* **Requirement**
With no images included, output each entry below exactly as it appears.

* **Source records**
****************************************

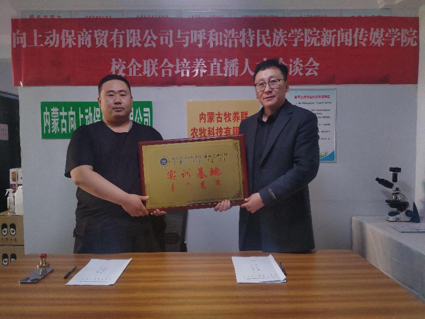 内蒙古向上动保商贸有限公司当前急需影像制作人才和网络主播搭建线上直播平台。学院党总支书记额尔敦毕力格根据学院专业设置和人才培养情况,有针对性地与企业负责人进行了合作洽谈,同时结合学院办学方向和学生生源特点,与企业共同制定了专业培养机制和人才输送方案,签订校企合作协议,挂牌实训基地,为日后可能达成了一系列合作奠定基础。
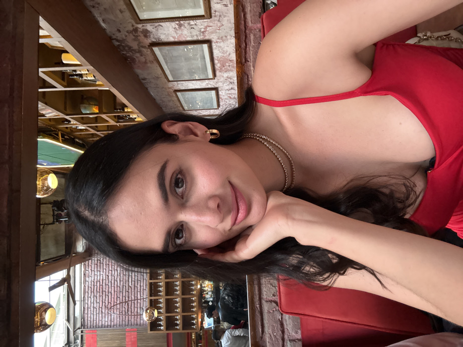 - "A woman with dark hair and fair skin leans into her hand, posing in a red dress with delicate straps" by FM-93COq2, licensed under CC BY 4.0
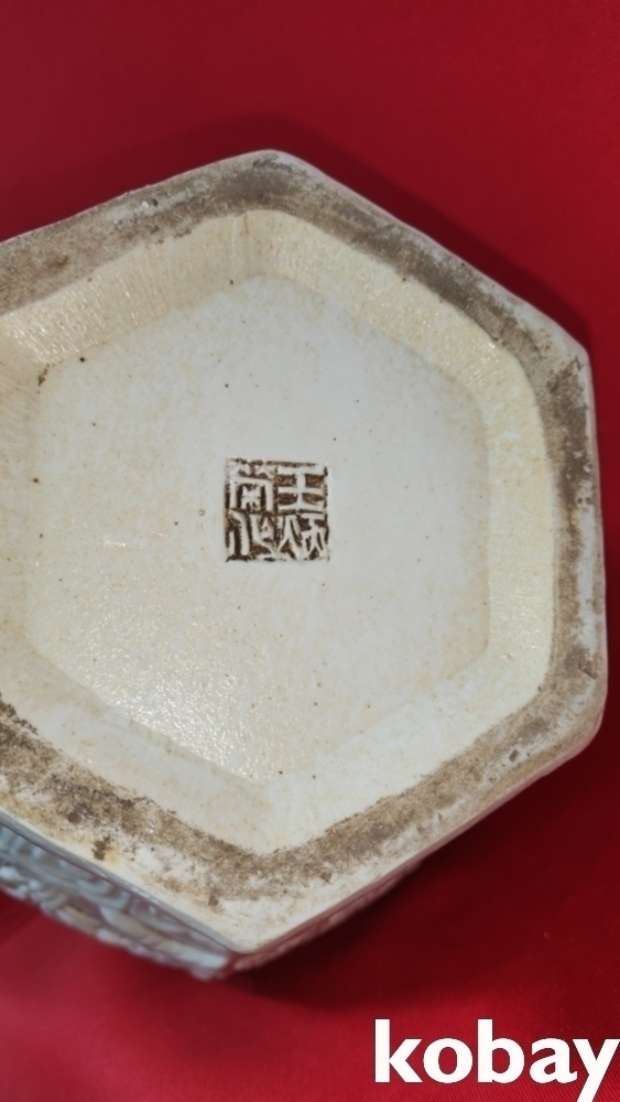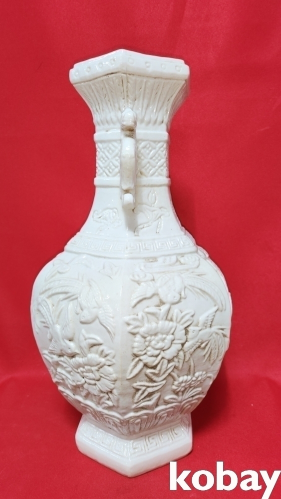 청대 황실 도예가 왕병영(王炳榮) 作 백자 6각 화조(花鳥)문양 양귀달린 병입니다,
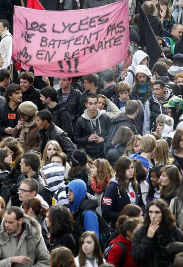 Los estudiantes, que temen que las reformas empeoren el desempleo juvenil por mantener a trabajadores mayores durante más tiempo en sus puestos, salieron a las calles del centro de París. Cientos de escuelas secundarias y más de 30 universidades fueron afectadas por las movilizaciones.
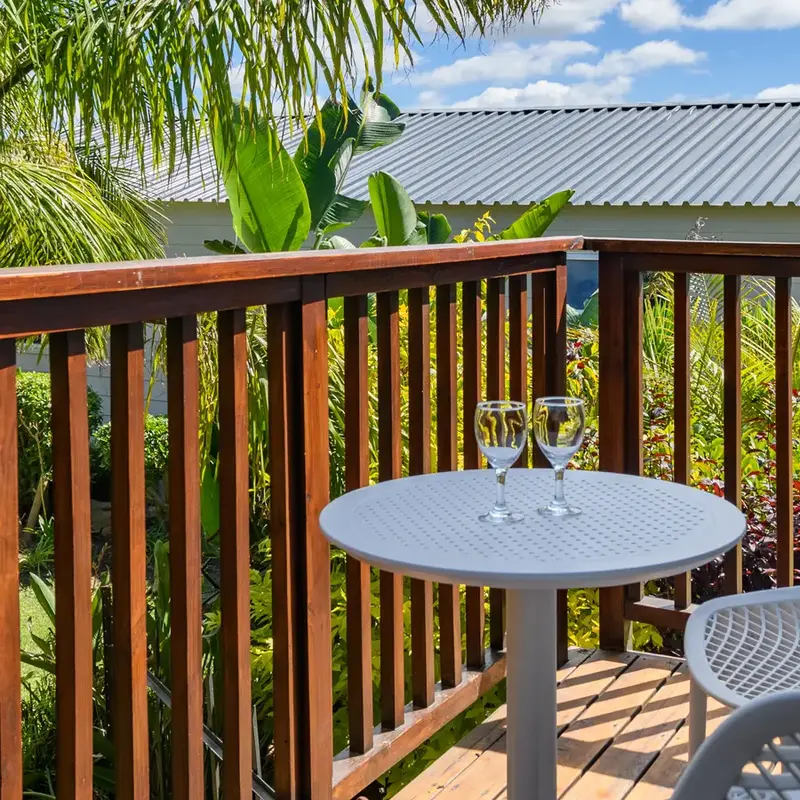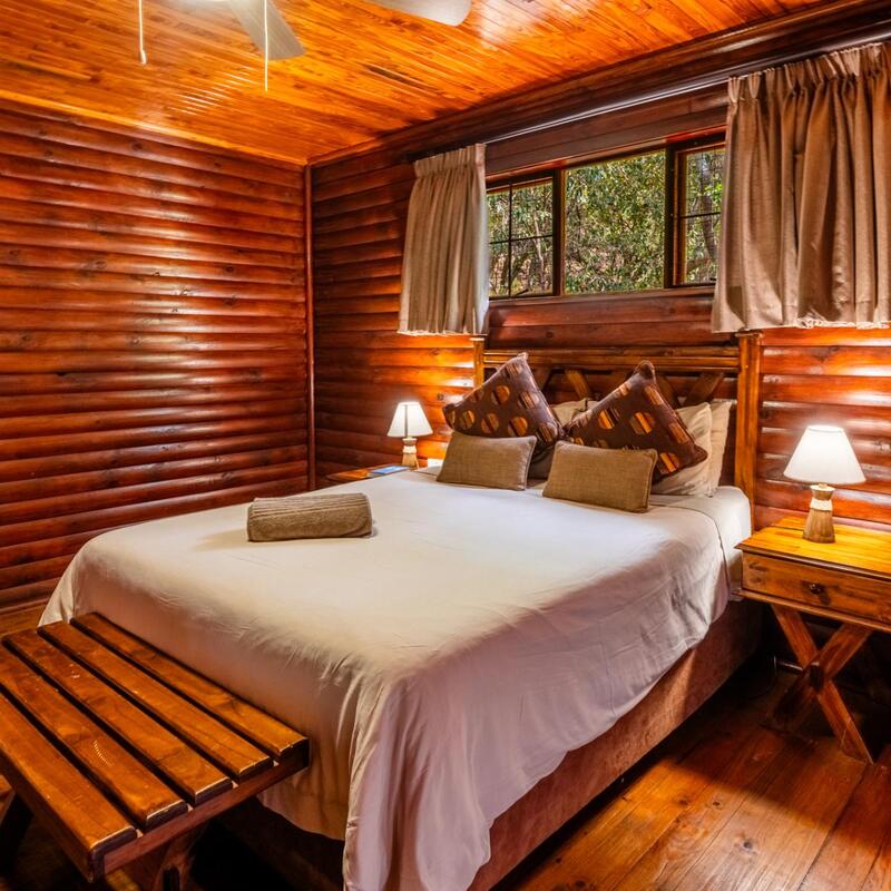The log cabins are fully equipped with a fridge, stove, microwave, everyday appliances, crockery, cutlery and ceiling fans. All bed linen and towels are supplied. Please bring your own swimming towels, dish and drying up cloths. Enjoy a covered patio with its own braai facility.

****************************************

* **Response to the task**
 内蒙古向上动保商贸有限公司当前急需影像制作人才和网络主播搭建线上直播平台。学院党总支书记额尔敦毕力格根据学院专业设置和人才培养情况,有针对性地与企业负责人进行了合作洽谈,同时结合学院办学方向和学生生源特点,与企业共同制定了专业培养机制和人才输送方案,签订校企合作协议,挂牌实训基地,为日后可能达成了一系列合作奠定基础。
 - "A woman with dark hair and fair skin leans into her hand, posing in a red dress with delicate straps" by FM-93COq2, licensed under CC BY 4.0
 청대 황실 도예가 왕병영(王炳榮) 作 백자 6각 화조(花鳥)문양 양귀달린 병입니다,
 Los estudiantes, que temen que las reformas empeoren el desempleo juvenil por mantener a trabajadores mayores durante más tiempo en sus puestos, salieron a las calles del centro de París. Cientos de escuelas secundarias y más de 30 universidades fueron afectadas por las movilizaciones.
The log cabins are fully equipped with a fridge, stove, microwave, everyday appliances, crockery, cutlery and ceiling fans. All bed linen and towels are supplied. Please bring your own swimming towels, dish and drying up cloths. Enjoy a covered patio with its own braai facility.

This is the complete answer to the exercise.